Got him! Detective Timothy Hogan thought with savage satisfaction.

He drove back to 18th Street, delighted with his coup and hoping he hadn't lost Bellsey to mar the triumph. But the white Cadillac was still outside the meat market. Hogan parked nearby where he could watch the door. He urinated into an empty milk carton he always brought along on stakeouts for emergencies.

He sat there all day, getting hungrier and hungrier, and cursing his failure to buy a sandwich, candy bar, coffee anything. He went through almost a pack of cigarettes, but the son of a bitch still didn't come out.

'What the hell is he doing in there?' the detective said aloud. And having said it, began to dream of what the market contained: steaks, chops, ground meat, chickens. It made him faint to think about it, he was so ravenous.

He dozed off a couple of times, but when he jerked awake, the Cadillac was still there. Hogan stuck it out, trying to keep himself alert by recalling the interrogation of Mrs. Lama Bellsey and planning how he would word it in his report: play down the threats, play up the subtlety of his questions. it was almost 8:45 P.m.-the streetlights on-when Bellsey came out of the meat market with two other guys. They stood joking, laughing, pushing each other. Hogan wondered if they had been boozing.

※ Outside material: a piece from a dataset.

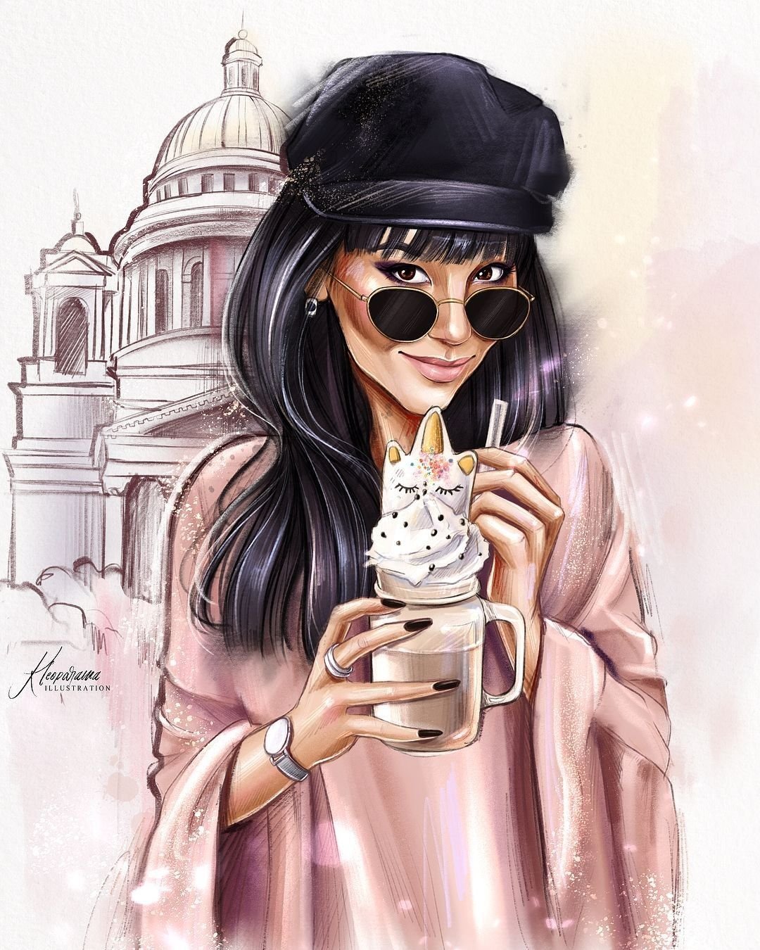 ![Нарисованная девушка в очках]()

Finally they separated. Bellsey got in his car and took off.

Hogan followed him up Eighth Avenue, sticking close in the heavy traffic, not wanting to lose him after sitting for so many hours and nearly dying of hunger.

Bellsey hung a left on 53rd Street and headed for the river through a darkened factory and warehouse district. Where the hell is he going?

Hogan puzzled, and dropped back a halfblock as traffic thinned. The Cadillac turned onto Eleventh Avenue and went two blocks, slowing. Then Bellsey found a parking slot and pulled in.

Beautiful, Hogan thought. It was a great neighborhood-if your life insurance was paid up.

He cruised along slowly and saw the subject go into a tavern. The street lighting wasn't the brightest, but Hogan could make out the name of the place: TAIL of THE whale. Charming. Why didn't they call it Moby's Dick and be done with it?

He parked and walked back. The windows were steamed up, and he couldn't see inside, but it looked like a seaman's bar, a boilermaker joint, and if you asked for an extra-dry martini with two olives, they'd look at you with loathing and throw your ass out on the street.

He couldn't make up his mind whether to go in, wait in his car for Bellsey to come out, or just scratch the day and go home. What decided him was a big sign over the door: FRANKS, BURGERS, CHILI DOGS, HOT SANDWICHES. He went in.

It was about what he figured: a real bucket of blood. White tiled walls slick with grease. An old-fashioned mahogany bar on one side, tables and booths on the other. A TV set suspended from the tin ceiling on chains.

Lighted jukebox and cigarette machine. In the back, a grill and steam table presided over by a fat black who was dripping sweat onto the sausages.

Hogan saw Bellsey at the bar, talking to two other guys. It looked like they were all working on doubles. The detective slid into an empty booth across the room and started on a new pack of cigarettes. He looked around.